Could you return, exactly as written, every line from the one containing "2) 연수 일시: 4." through the last line of the entries below, leaving out the pictures?

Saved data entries
■ ■ ■
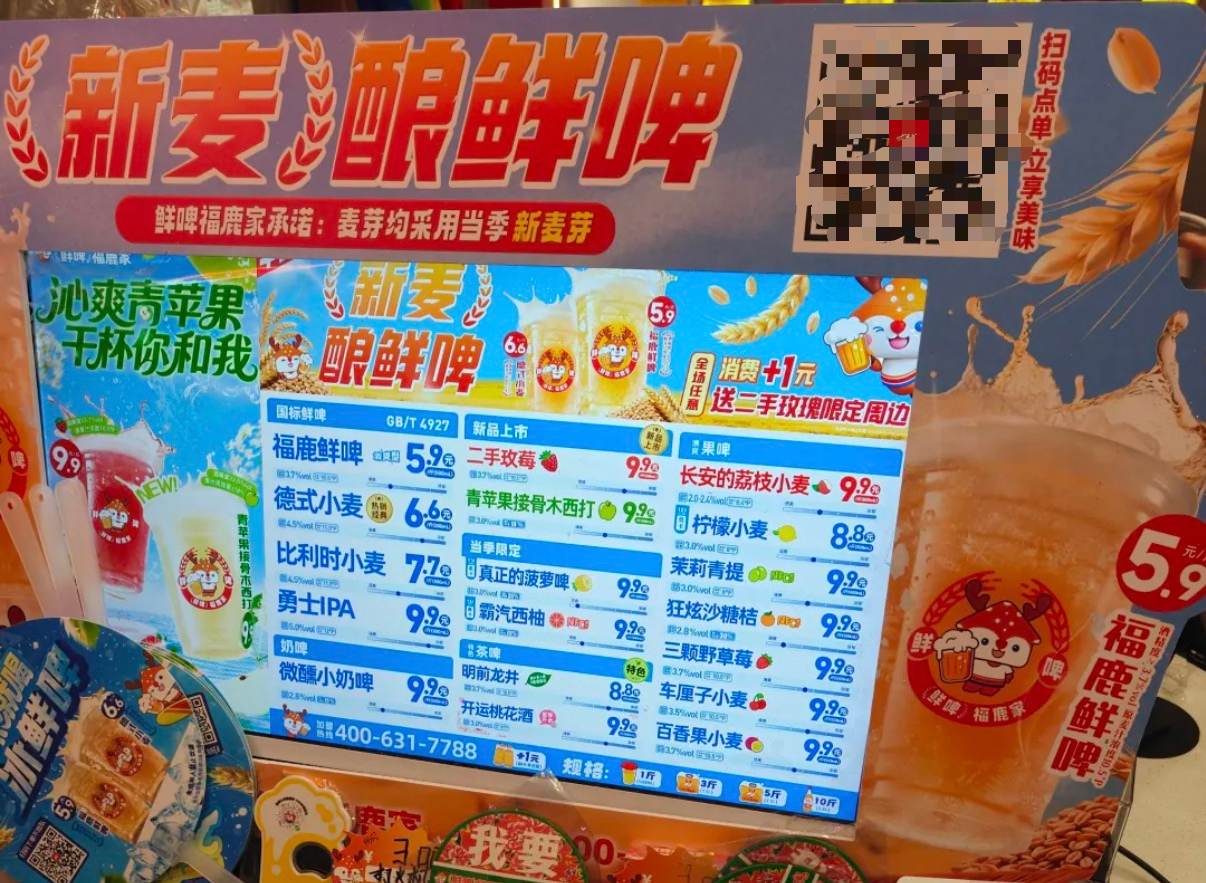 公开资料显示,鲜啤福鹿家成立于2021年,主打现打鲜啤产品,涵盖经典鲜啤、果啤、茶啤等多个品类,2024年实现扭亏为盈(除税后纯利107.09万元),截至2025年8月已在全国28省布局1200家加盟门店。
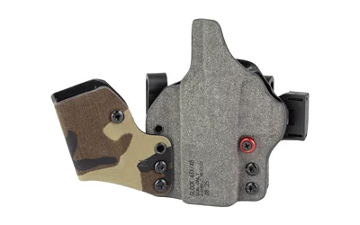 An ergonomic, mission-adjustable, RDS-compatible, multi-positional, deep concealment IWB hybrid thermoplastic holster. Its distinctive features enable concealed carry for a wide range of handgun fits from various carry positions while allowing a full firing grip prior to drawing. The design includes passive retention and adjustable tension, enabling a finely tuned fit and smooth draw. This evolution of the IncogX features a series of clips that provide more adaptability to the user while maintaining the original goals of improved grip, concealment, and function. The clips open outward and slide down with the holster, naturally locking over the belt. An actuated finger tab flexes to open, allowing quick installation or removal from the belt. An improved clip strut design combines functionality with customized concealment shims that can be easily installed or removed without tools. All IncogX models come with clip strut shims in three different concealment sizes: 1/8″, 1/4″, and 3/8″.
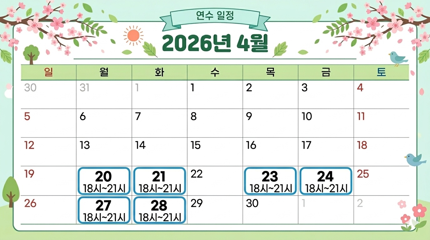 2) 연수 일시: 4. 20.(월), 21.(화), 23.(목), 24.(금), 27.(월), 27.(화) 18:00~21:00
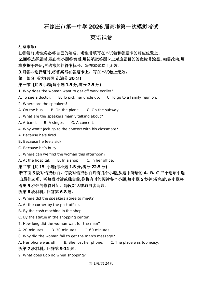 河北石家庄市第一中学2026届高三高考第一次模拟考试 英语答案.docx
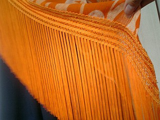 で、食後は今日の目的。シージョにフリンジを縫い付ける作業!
■ ■ ■
Task response
 2) 연수 일시: 4. 20.(월), 21.(화), 23.(목), 24.(금), 27.(월), 27.(화) 18:00~21:00
 河北石家庄市第一中学2026届高三高考第一次模拟考试 英语答案.docx
 で、食後は今日の目的。シージョにフリンジを縫い付ける作業!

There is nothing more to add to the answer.